ASSIGNMENT |
The entries must be repeated verbatim, and their images left out.

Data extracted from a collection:

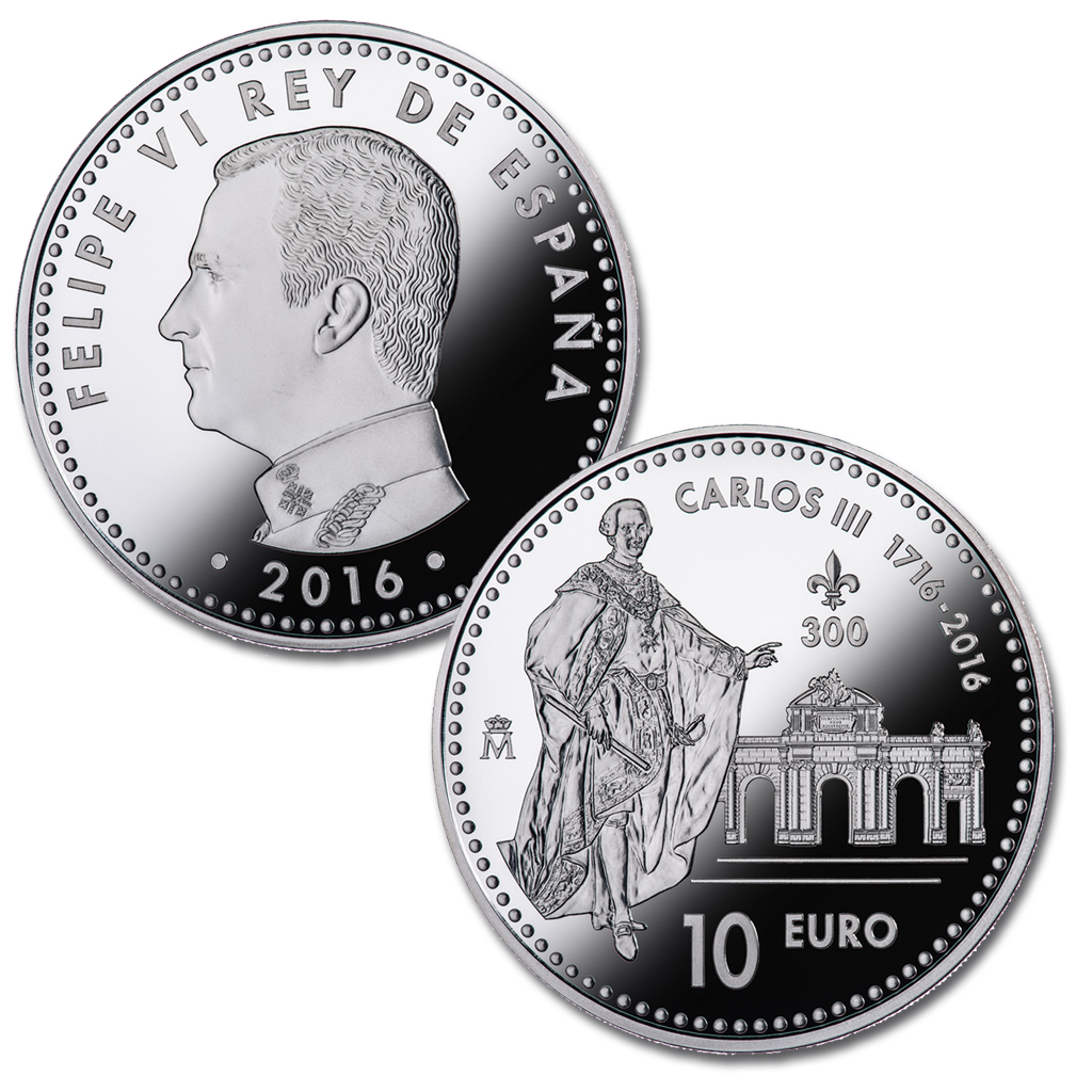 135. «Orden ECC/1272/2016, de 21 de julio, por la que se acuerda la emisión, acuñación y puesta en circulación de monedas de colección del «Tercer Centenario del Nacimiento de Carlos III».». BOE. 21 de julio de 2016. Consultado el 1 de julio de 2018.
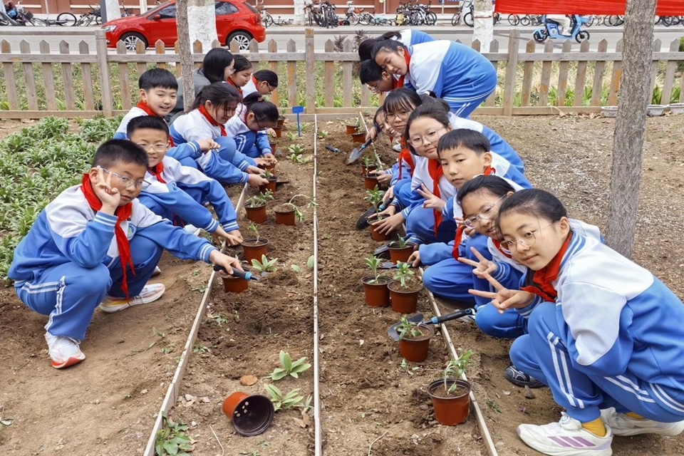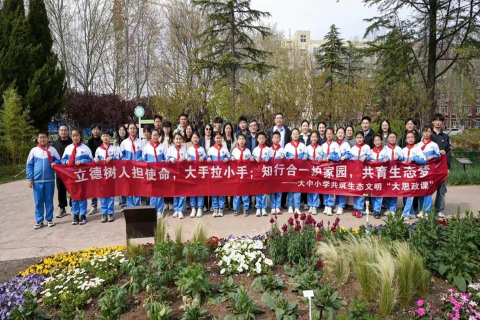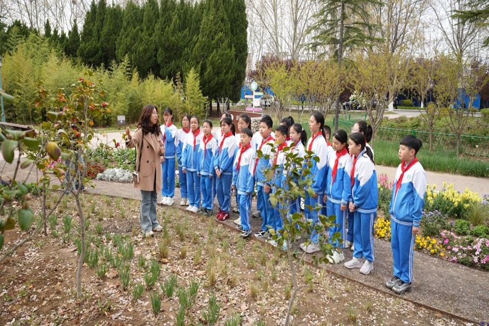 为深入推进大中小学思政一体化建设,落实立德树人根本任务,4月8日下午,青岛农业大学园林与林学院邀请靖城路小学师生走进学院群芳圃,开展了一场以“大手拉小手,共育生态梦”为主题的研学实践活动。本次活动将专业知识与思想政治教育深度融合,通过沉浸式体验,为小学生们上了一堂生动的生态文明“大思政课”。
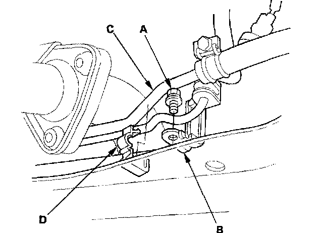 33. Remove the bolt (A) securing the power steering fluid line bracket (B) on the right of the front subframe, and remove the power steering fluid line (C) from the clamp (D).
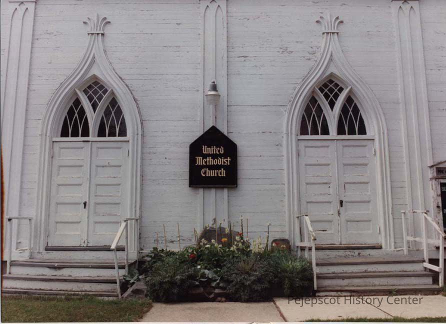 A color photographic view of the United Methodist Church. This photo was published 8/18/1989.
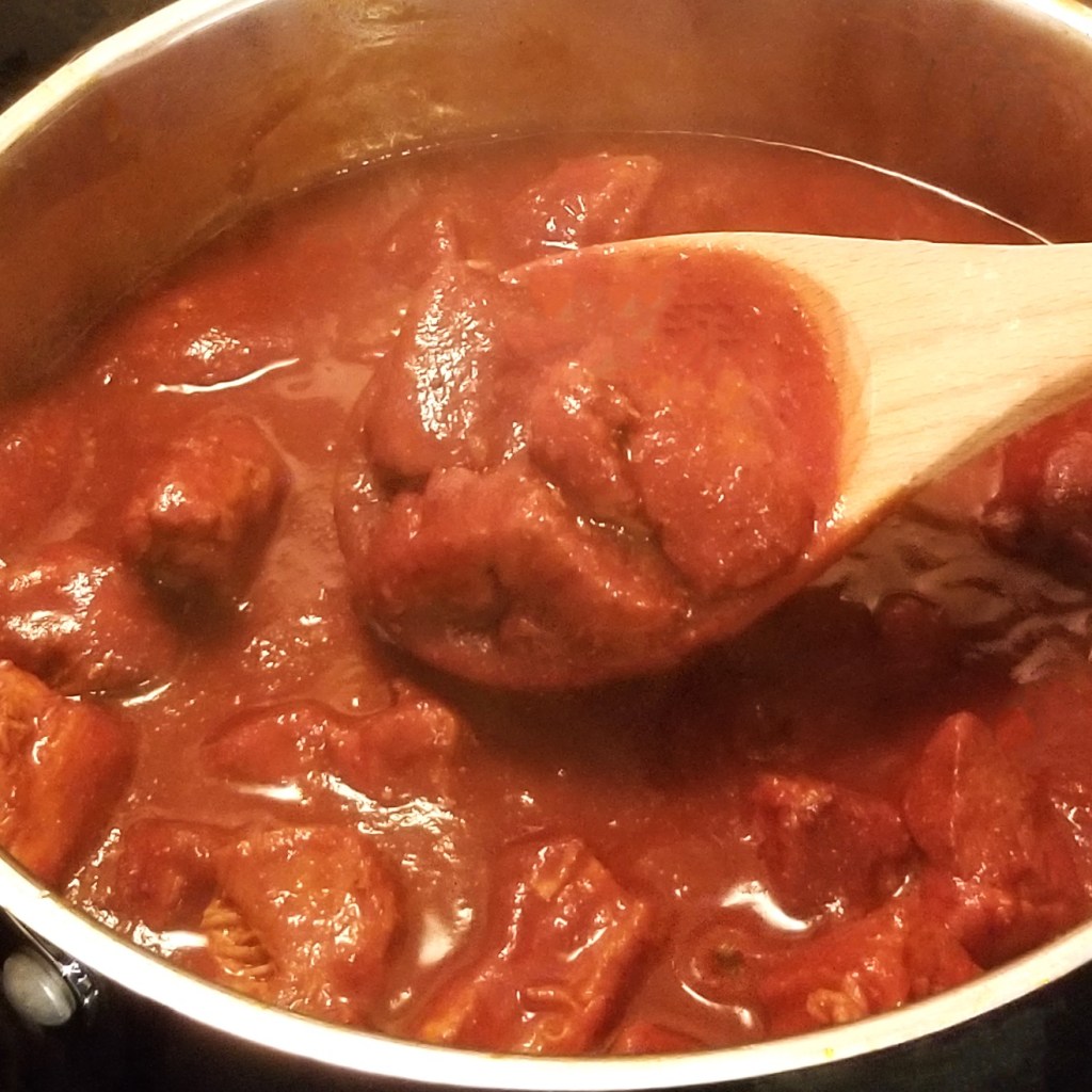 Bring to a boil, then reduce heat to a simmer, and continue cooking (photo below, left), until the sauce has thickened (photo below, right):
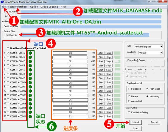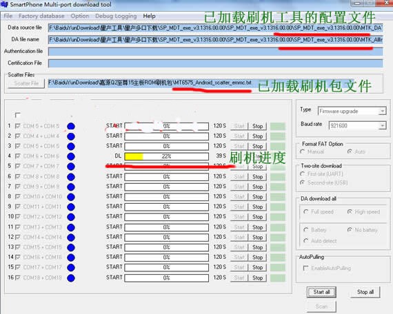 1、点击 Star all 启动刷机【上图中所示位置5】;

OUTPUT OF THE EXERCISE |
 135. «Orden ECC/1272/2016, de 21 de julio, por la que se acuerda la emisión, acuñación y puesta en circulación de monedas de colección del «Tercer Centenario del Nacimiento de Carlos III».». BOE. 21 de julio de 2016. Consultado el 1 de julio de 2018.
 为深入推进大中小学思政一体化建设,落实立德树人根本任务,4月8日下午,青岛农业大学园林与林学院邀请靖城路小学师生走进学院群芳圃,开展了一场以“大手拉小手,共育生态梦”为主题的研学实践活动。本次活动将专业知识与思想政治教育深度融合,通过沉浸式体验,为小学生们上了一堂生动的生态文明“大思政课”。
 33. Remove the bolt (A) securing the power steering fluid line bracket (B) on the right of the front subframe, and remove the power steering fluid line (C) from the clamp (D).
 A color photographic view of the United Methodist Church. This photo was published 8/18/1989.
 Bring to a boil, then reduce heat to a simmer, and continue cooking (photo below, left), until the sauce has thickened (photo below, right):
 1、点击 Star all 启动刷机【上图中所示位置5】;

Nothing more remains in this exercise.